A Friday Chat with Searcys Executive Chef at The Royal College of Surgeons, Nick Seckington17 June 2022
With over 15 years’ experience cooking in some of the finest restaurants in the UK, Nick Seckington Joined the brand-new opening of The View at the Royal College of Surgeons as Executive Chef a year ago. This week, he talks to us about a drive for more vegan canapes, interactive flatbread stands, and The View’s ingenious Jam Jar menu.
Hi Nick. Tell us about yourself – how did you start out in cooking and what experience do you have?
I joined hospitality as a kitchen porter when I was 13, washing pots and pans. I went to catering college at 16 and started working in a pub at the same age. By 18, I was working for Raymond Blanc at Petit Blanc in Cheltenham. After that, I went to work for Anton Mosimann when I was just 20. I then worked with chef David Cavalier for about six years before going to The Mandarin Oriental, where I was a junior sous chef.

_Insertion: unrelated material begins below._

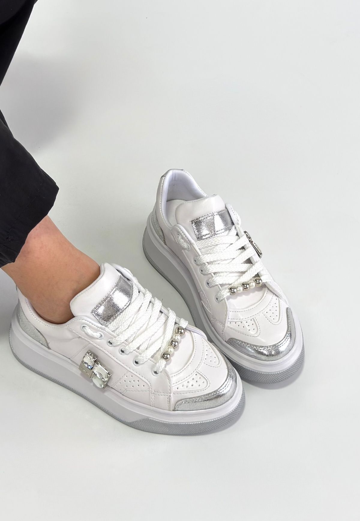 Ceans Beyaz Cilt Bağcıklı Spor Ayakkabı

When did you join Searcys?
In January 2020, just a couple of months before the pandemic. I started with Searcys at 30 Euston Square with Allan Heard (whom I’ve known for a very long time), but then Covid hit about two months later. I kept working with 30 Euston Square. Then, as executive chef, I joined the new team at The View at The Royal College of Surgeons of England in June 2021. Among other reasons, I’ve stayed with Searcys because they looked after me a lot during the pandemic.
Tell us your three favourite things about the venue you work at?
The people, first and foremost.
It’s different day to day.
And finally, it’s a new venue, so working here is nice and fresh and bright.
What is your favourite dish on the menu at The View?
It might sound weird, but at the minute, it’s a vegan and gluten-free strawberry raspberry fool with a gluten-free crumb. We’ve been playing with the recipe for a couple of months to get it just right, and it’s there now.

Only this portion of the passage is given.